Archetypal Character Study: Sophie Scholl


Sophie Scholl embodied a person who takes a stand in the world and who aligns their own personal identity with forces of goodness and truth. While she also fits the Mountain Pride archetype, there is another essence which, I believe, she embodies even more strongly. The essence, perhaps not coincidentally, is the White Rose research essence.

As a result of my personal experience taking the White Rose essence and doing so while contemplating and meditating on Sophie Scholl and the White Rose resistance movement, I believe Sophie Scholl is a powerful example of the White Rose essence, which I would describe as “Soul Courage united with Highest Ideals.

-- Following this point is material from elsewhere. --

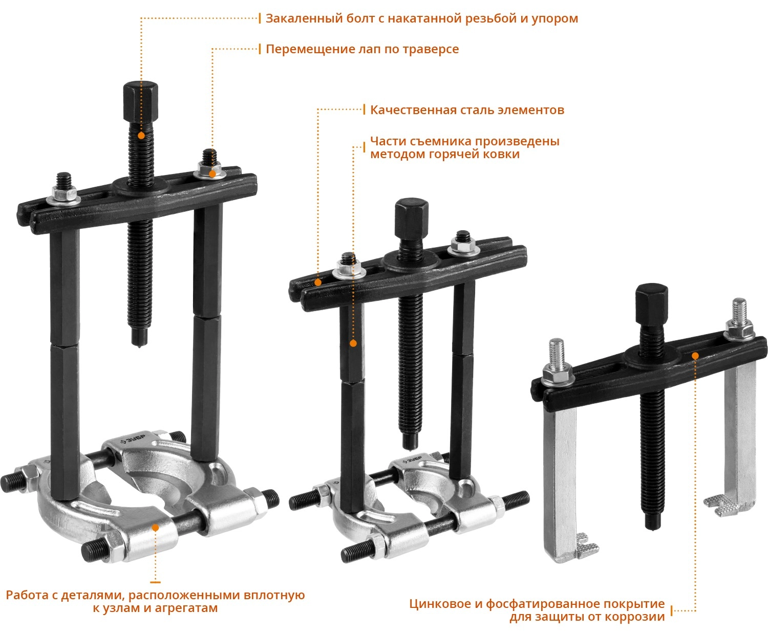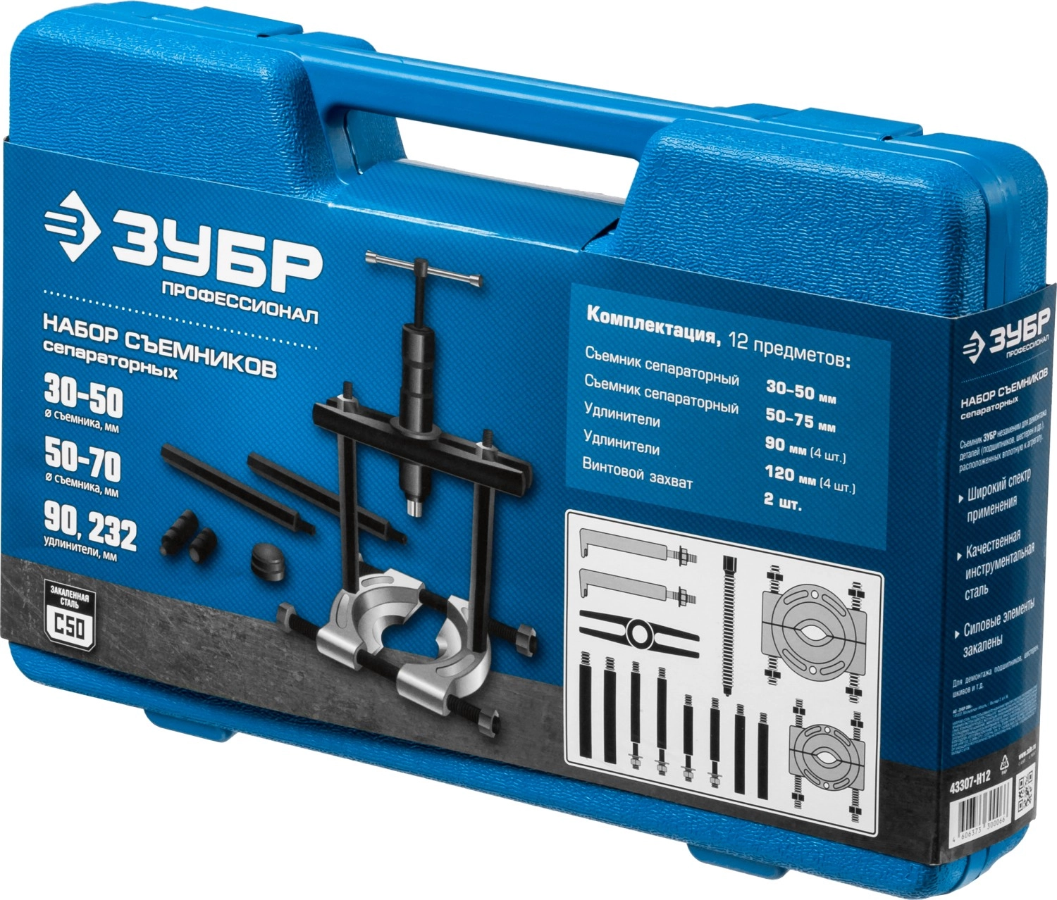 ПроизводителиНабор съемников сепараторных, 30-50мм, 50-75мм "Профессионал" (43307-H12) ЗУБР

I. Introduction:  A Brief History of Germany Under the National Socialist (Nazi) Party: 
What the White Rose Resistance Challenged


In 1933, Adolf Hitler came to power in Germany. Having been defeated in World War I and forced to pay millions of dollars in reparations to the Allied victors, many Germans were disheartened and financially struggling. Hitler promised to make Germany the proud, strong country it once was. Instead, he dissolved the Reichstag (parliament) and declared himself Führer, or supreme head of the government. Gradually, he increased Germany's military strength and began his quest to invade and take over many countries in Europe. Hitler and his regime committed atrocities against many people in Germany and in the countries they invaded. This included killing dissidents, people who were physically or mentally disabled, Slavs, Gypsies, and Jews.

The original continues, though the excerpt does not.